The speed boost technique appears to be less effective in MK8 DX than it was in the original.

1

A high-level technique for extending speed boosts in Mario Kart 8 may not have made the transition into the Mario Kart 8 Deluxe for the Nintendo Switch. The maneuver, called "fire-hopping," was captured on video looking much less effective than it used to be.

Fire-hopping is performed by rapidly flipping the controller's joystick in alternating directions with a jump, at almost precisely the time a normal speed boost is supposed to end, to extend the boost past its normal end-point. When Nintendo released the 200CC mode for the original Mario Kart 8, the player community debated whether the technique was at all effective for the new high-speed mode. The conclusion was generally that it was less effective and harder to pull off, but could still lend some benefit. The technique continued to be used in lower CC modes.

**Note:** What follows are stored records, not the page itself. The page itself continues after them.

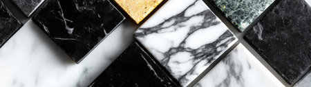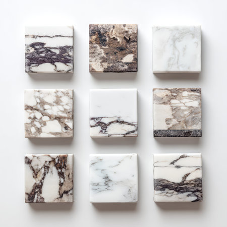 A stylish shot of square marble samples laid out on the table, showcasing different colors and patterns for interior design and flooring. The focus is on creating an elegant composition with natural stone material, emphasizing texture and color contrast in each block. --ar 3:2 --stylize 750 --v 6.1 Job ID: eb23c9a0-3456-47e4-9ec6-9e1f1f6d8681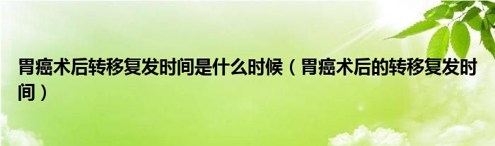 1、胃癌术后转移复发的时间是根据你的病理类型、手术清除的程度、最后一个淋巴结的转移情况以及患者术前的一般情况来决定的。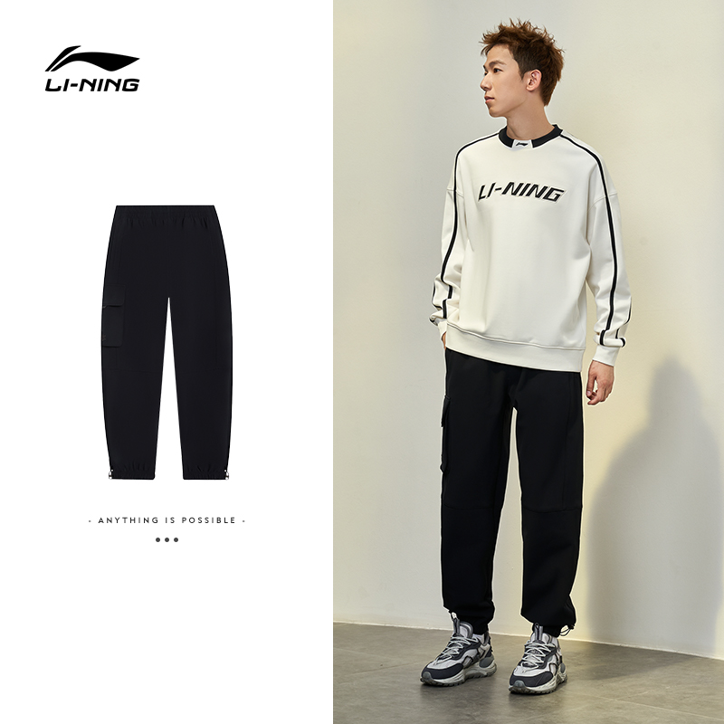 Li Ning Anti Splash Water Sports Pants) Men's 2023 new autumn and winter plus suede men's pants warm bunches sports trousers-Taobao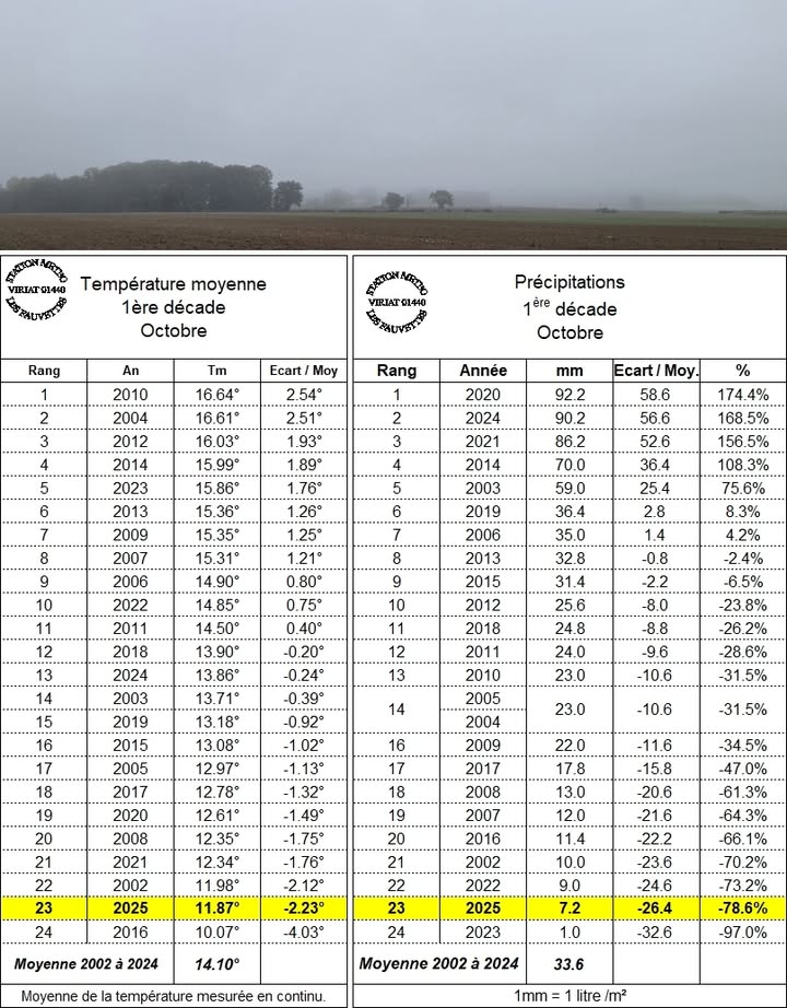 on 11 octobre 2025 at 8:21 AM Alors que la seconde débute dans le brouillard, retour en chiffres sur la première décade d’octobre, où le brouillard a souvent été présent, dont la température moyenne a été particulièrement fraîche et les précipitations très faibles. Pour une analyse plus détaillée : Températures décadaires👉 https://www.meteo-viriat.fr/articles.php?lng=fr&pg=98&mnuid=779&tconfig=0#z2 Précipitations décadaires👉 https://www.meteo-viriat.fr/articles.php?lng=fr&pg=87&mnuid=779&tconfig=0#z2 Les conditions anticycloniques perdurant ce weekend il faudra composer avec le brouillard et de faibles éclaircies l’après-midi en plaine de Bresse☁️🌥

With Mario Kart 8 Deluxe for the Nintendo Switch on the horizon, though, the question came to whether it was still effective. The answer appears to be no. A video from GameXPlain (below) compares track times against a ghost–first in the Wii U version, in which fire-hopping allows the player to easily overtake his ghost, and then in the Switch version, where it gives no real benefit and actually seems to lose ground. 

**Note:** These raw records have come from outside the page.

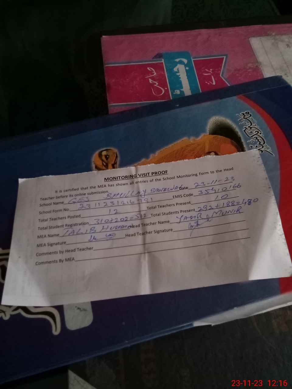 | Attendance Register | Head Teacher | MEA with School | Visit Proof |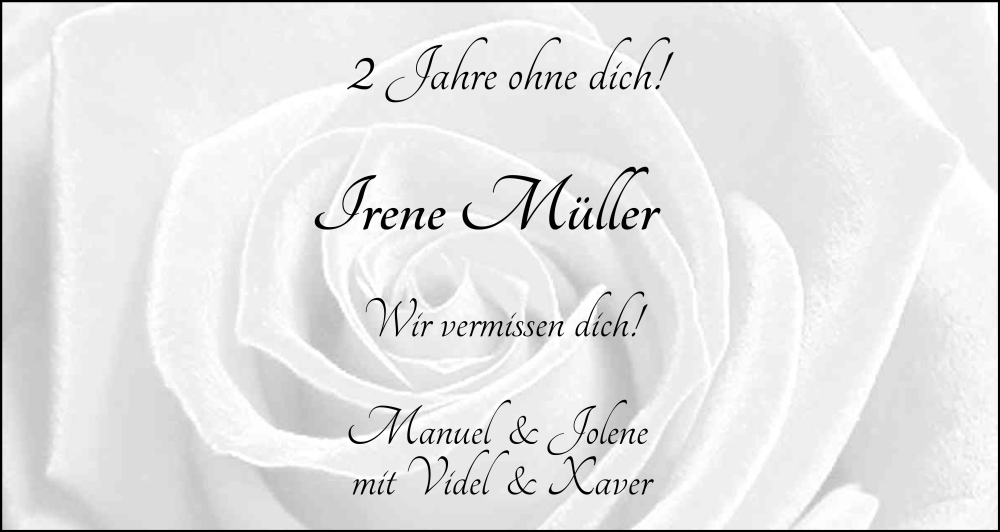 Hier finden Sie alle Traueranzeigen aus der Zeitung, die bisher für Irene Müller erschienen sind. Weitere Traueranzeigen, die in der Zeitung erscheinen, werden hier ebenfalls aufgelistet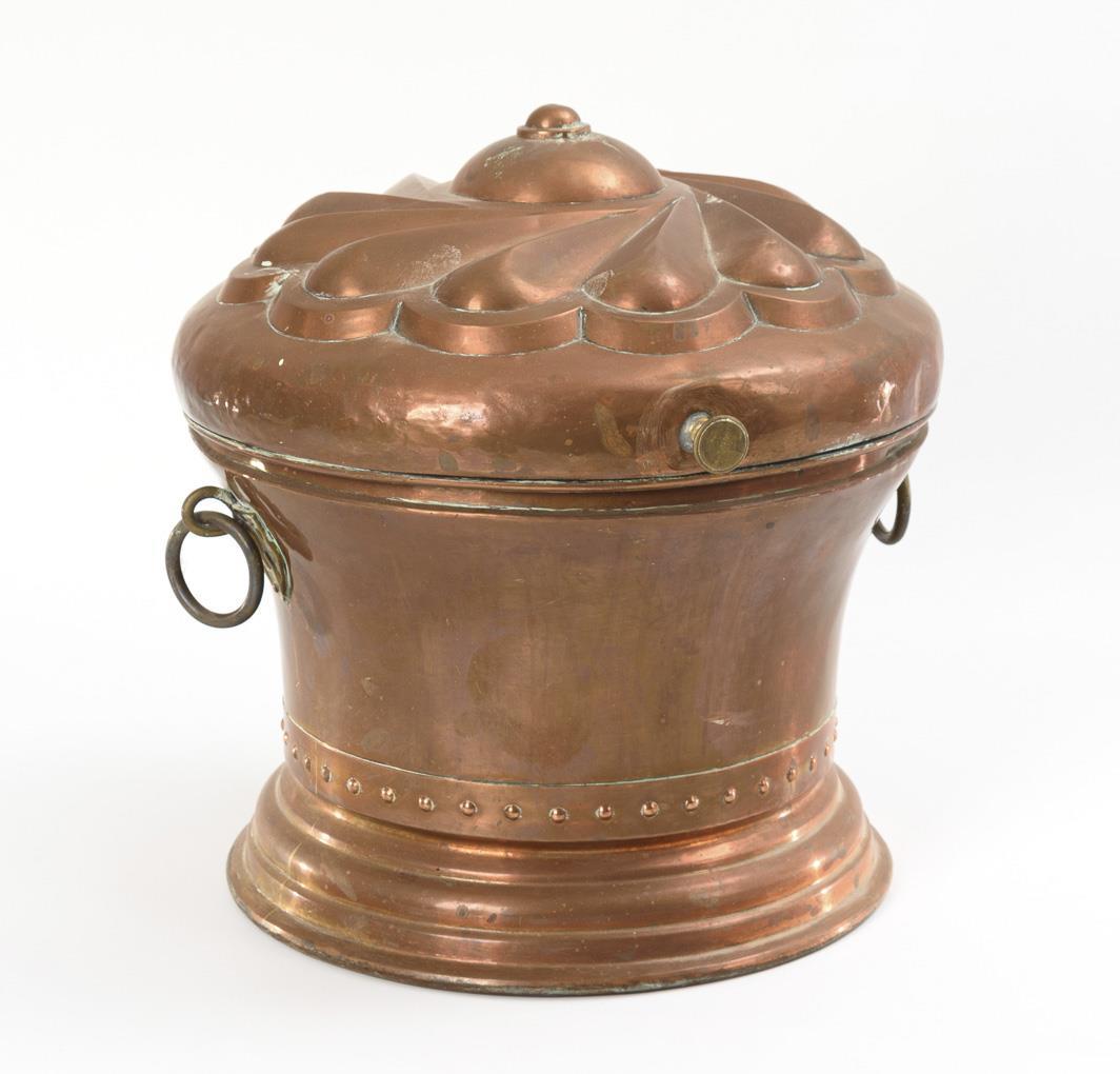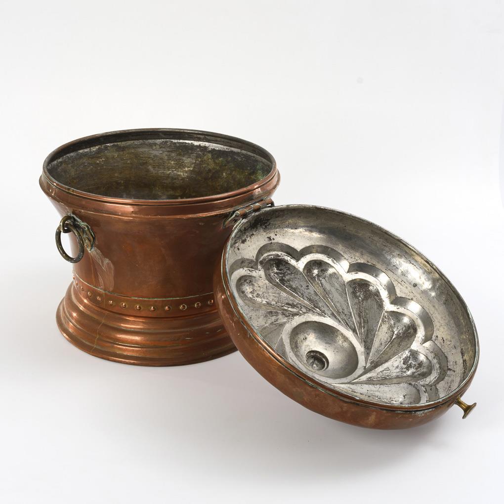 Round body with profiled foot ring and swirl relief on the hinged lid as well as 2 ring handles on the sides. Old traces of soldering on the foot, lime deposits inside, few signs of age/use.

This wouldn't be the first time Nintendo nixed a controversial technique. Snaking, a technique popularized by the online competitive scene of Mario Kart DS, was snuffed out in later iterations by changing the drift-boosts to only trigger after a drift is particularly long or sharp.

Nintendo is pretty keen on keeping an even playing field for everyone, which incidentally is why you can be in first place for an entire race and then get hit by a Blue Shell when you're inches from the finish line. Not that we're bitter.